Items listed in a dataset
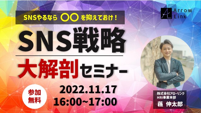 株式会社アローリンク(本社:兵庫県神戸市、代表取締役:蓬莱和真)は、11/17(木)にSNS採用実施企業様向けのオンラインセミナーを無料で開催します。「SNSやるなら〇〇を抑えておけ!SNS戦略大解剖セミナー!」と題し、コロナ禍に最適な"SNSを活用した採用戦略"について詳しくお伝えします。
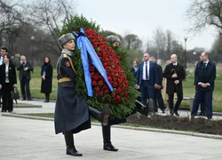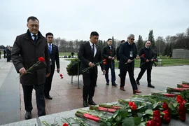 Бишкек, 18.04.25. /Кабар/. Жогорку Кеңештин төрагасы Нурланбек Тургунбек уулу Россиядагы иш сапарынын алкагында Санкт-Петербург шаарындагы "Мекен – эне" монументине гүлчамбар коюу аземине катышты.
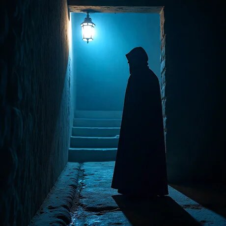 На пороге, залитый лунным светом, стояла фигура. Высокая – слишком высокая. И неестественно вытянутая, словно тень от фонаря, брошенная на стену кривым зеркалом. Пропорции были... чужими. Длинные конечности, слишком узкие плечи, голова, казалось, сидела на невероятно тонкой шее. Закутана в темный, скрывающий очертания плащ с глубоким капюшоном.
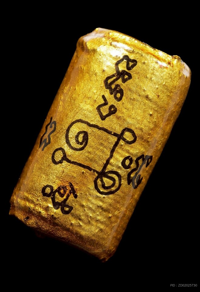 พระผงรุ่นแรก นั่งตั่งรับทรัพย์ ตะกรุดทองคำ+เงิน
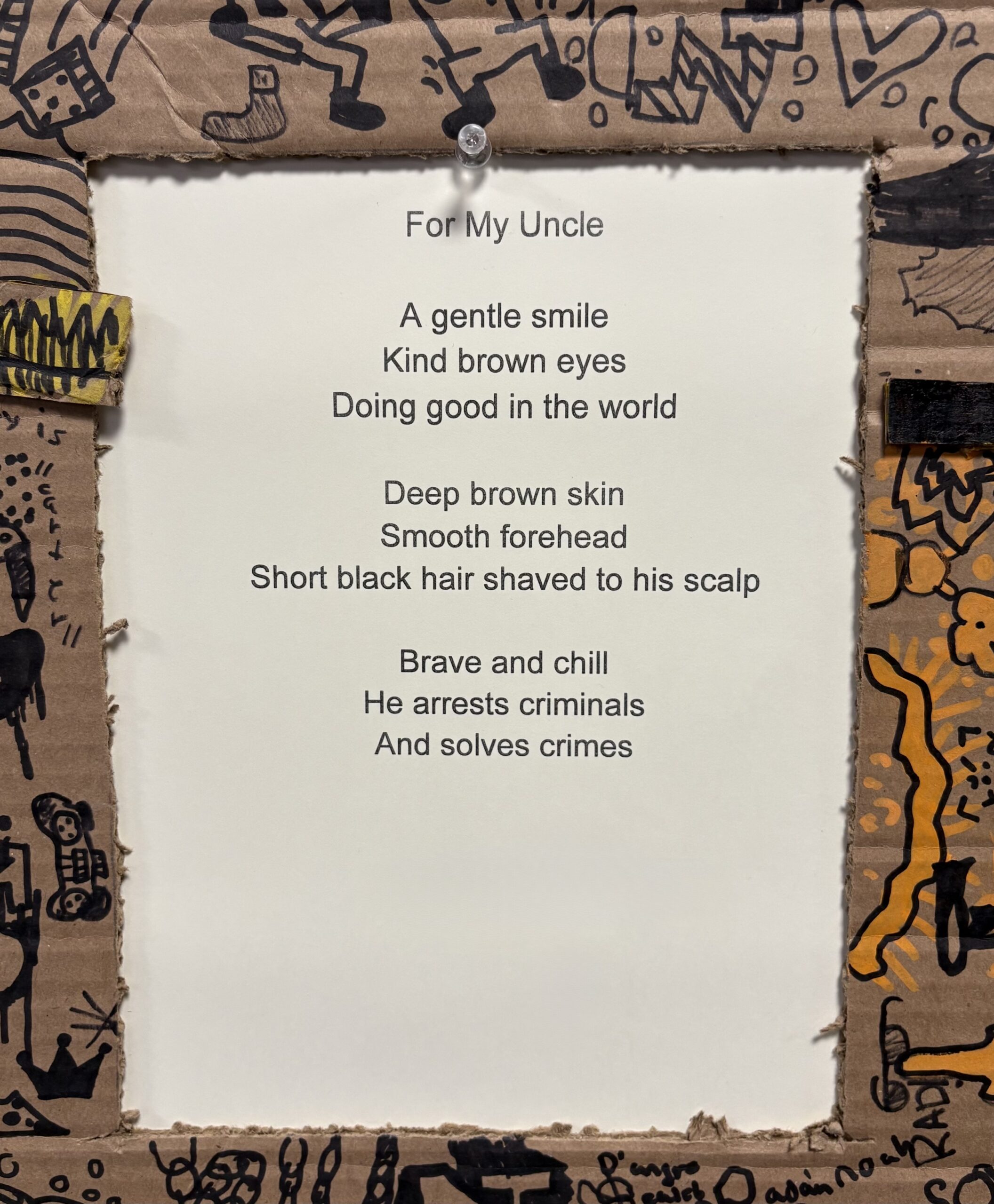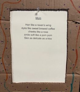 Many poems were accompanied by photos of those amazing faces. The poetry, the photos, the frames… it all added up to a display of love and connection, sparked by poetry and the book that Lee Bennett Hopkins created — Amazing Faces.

◆ **TASK OBJECTIVE**:
Exactly as written, set down each line of the records, leaving out the pictures.

◆ **YOUR SOLUTION**:
 株式会社アローリンク(本社:兵庫県神戸市、代表取締役:蓬莱和真)は、11/17(木)にSNS採用実施企業様向けのオンラインセミナーを無料で開催します。「SNSやるなら〇〇を抑えておけ!SNS戦略大解剖セミナー!」と題し、コロナ禍に最適な"SNSを活用した採用戦略"について詳しくお伝えします。
 Бишкек, 18.04.25. /Кабар/. Жогорку Кеңештин төрагасы Нурланбек Тургунбек уулу Россиядагы иш сапарынын алкагында Санкт-Петербург шаарындагы "Мекен – эне" монументине гүлчамбар коюу аземине катышты.
 На пороге, залитый лунным светом, стояла фигура. Высокая – слишком высокая. И неестественно вытянутая, словно тень от фонаря, брошенная на стену кривым зеркалом. Пропорции были... чужими. Длинные конечности, слишком узкие плечи, голова, казалось, сидела на невероятно тонкой шее. Закутана в темный, скрывающий очертания плащ с глубоким капюшоном.
 พระผงรุ่นแรก นั่งตั่งรับทรัพย์ ตะกรุดทองคำ+เงิน
 Many poems were accompanied by photos of those amazing faces. The poetry, the photos, the frames… it all added up to a display of love and connection, sparked by poetry and the book that Lee Bennett Hopkins created — Amazing Faces.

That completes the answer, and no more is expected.